Please go line by line and repeat the data below exactly, with no images.

——————————

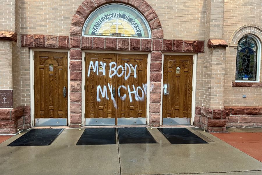 Pro-abortion graffiti on the doors of Sacred Heart of Mary Catholic Church in Boulder, Colorado, on May 4, 2022.
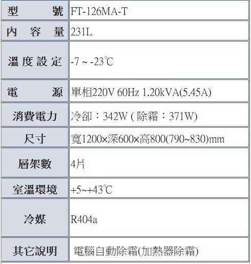 星崎-4呎60深工作台冷凍冰箱 FT-126MA-T
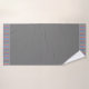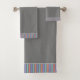 Una toalla de baño con un acento de rayas en color violeta, verde azulado y naranja, con un fondo gris de carbón vegetal que se puede cambiar a cualquier color para que coincida con tu elegante decoración de baño.
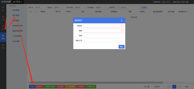 (2)点击【设置】――【用户管理】――左下角【新建】,填写对应业务员账户信息;
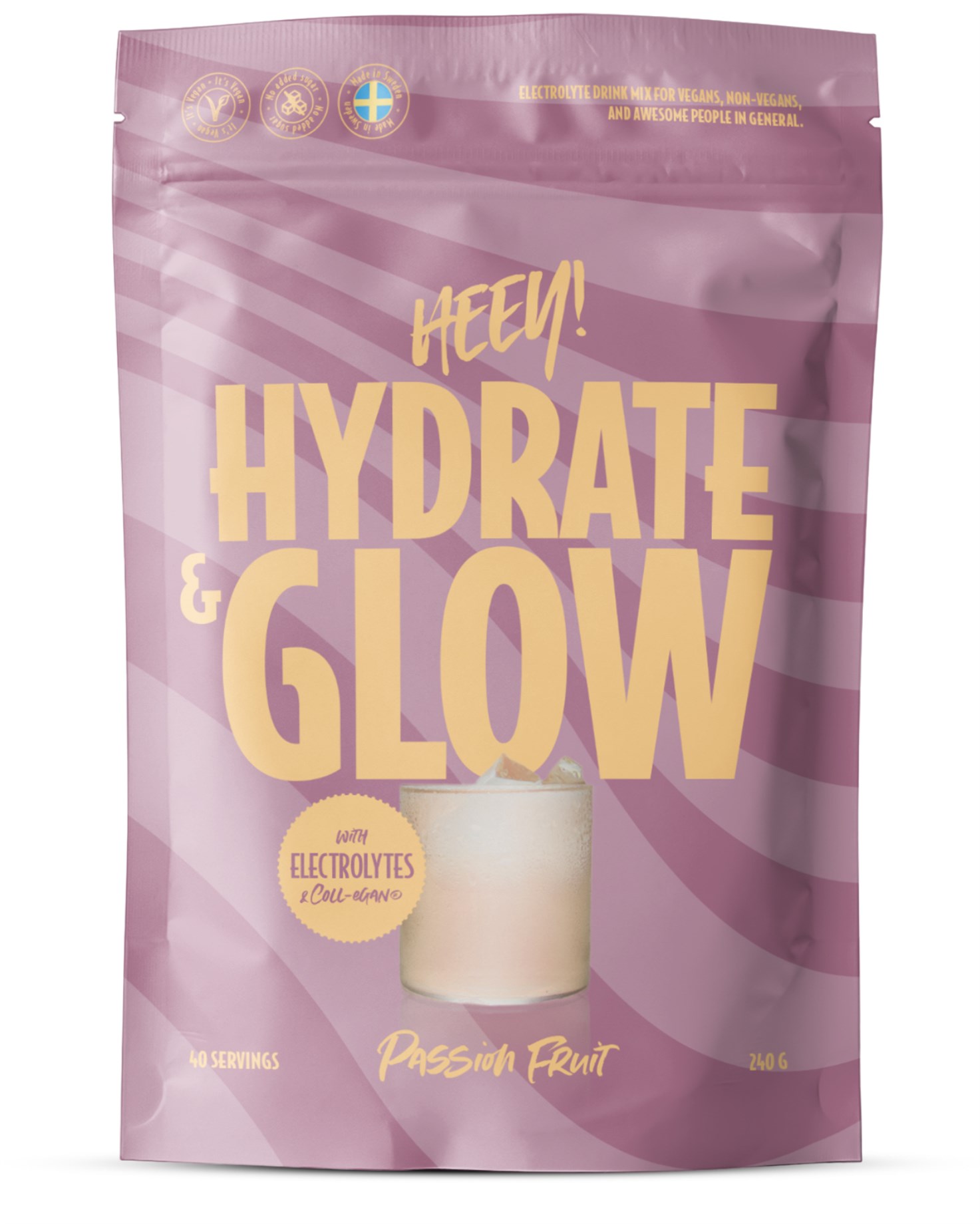 Boost din hud og genopret væskebalancen med HEEY Hydrate & Glow. HEEY Hydrate & Glow indeholder en unik blanding af elektrolytter og ingredienser såsom Coll-egan® (vegansk kollagenbooster), hyaluronsyre og Q10 for at pleje huden indefra. Huden får et nærende boost, mens væske- og elektrolytbalancen genoprettes. Perfekt som en del af din daglige skønhedsrutine eller for at starte dagen rigtigt, især på varme dage. Fås i to lækre smagsvarianter.
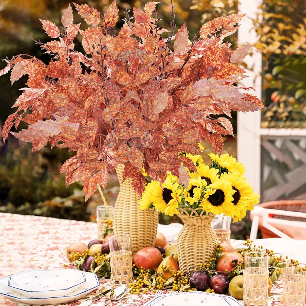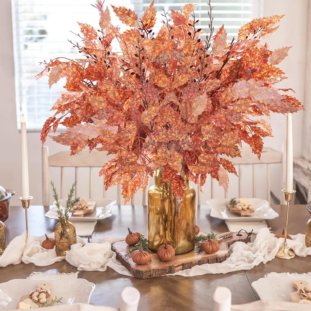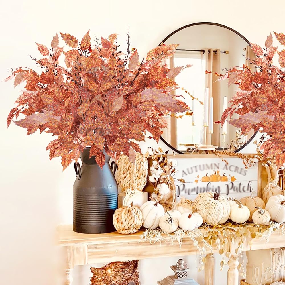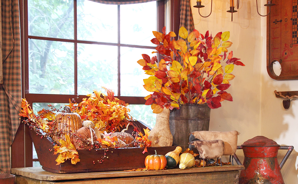خامة عالية الجودة: أوراق الخريف الصناعية مصنوعة بشكل جيد وألوان نابضة بالحياة، وتبدو وكأنها حقيقية. سيقان خضراء صناعية تجعل منزلك مليئًا بأنفاس الخريف

——————————

• [Exercise answer]:
 Pro-abortion graffiti on the doors of Sacred Heart of Mary Catholic Church in Boulder, Colorado, on May 4, 2022.
 星崎-4呎60深工作台冷凍冰箱 FT-126MA-T
 Una toalla de baño con un acento de rayas en color violeta, verde azulado y naranja, con un fondo gris de carbón vegetal que se puede cambiar a cualquier color para que coincida con tu elegante decoración de baño.
 (2)点击【设置】――【用户管理】――左下角【新建】,填写对应业务员账户信息;
 Boost din hud og genopret væskebalancen med HEEY Hydrate & Glow. HEEY Hydrate & Glow indeholder en unik blanding af elektrolytter og ingredienser såsom Coll-egan® (vegansk kollagenbooster), hyaluronsyre og Q10 for at pleje huden indefra. Huden får et nærende boost, mens væske- og elektrolytbalancen genoprettes. Perfekt som en del af din daglige skønhedsrutine eller for at starte dagen rigtigt, især på varme dage. Fås i to lækre smagsvarianter.
خامة عالية الجودة: أوراق الخريف الصناعية مصنوعة بشكل جيد وألوان نابضة بالحياة، وتبدو وكأنها حقيقية. سيقان خضراء صناعية تجعل منزلك مليئًا بأنفاس الخريف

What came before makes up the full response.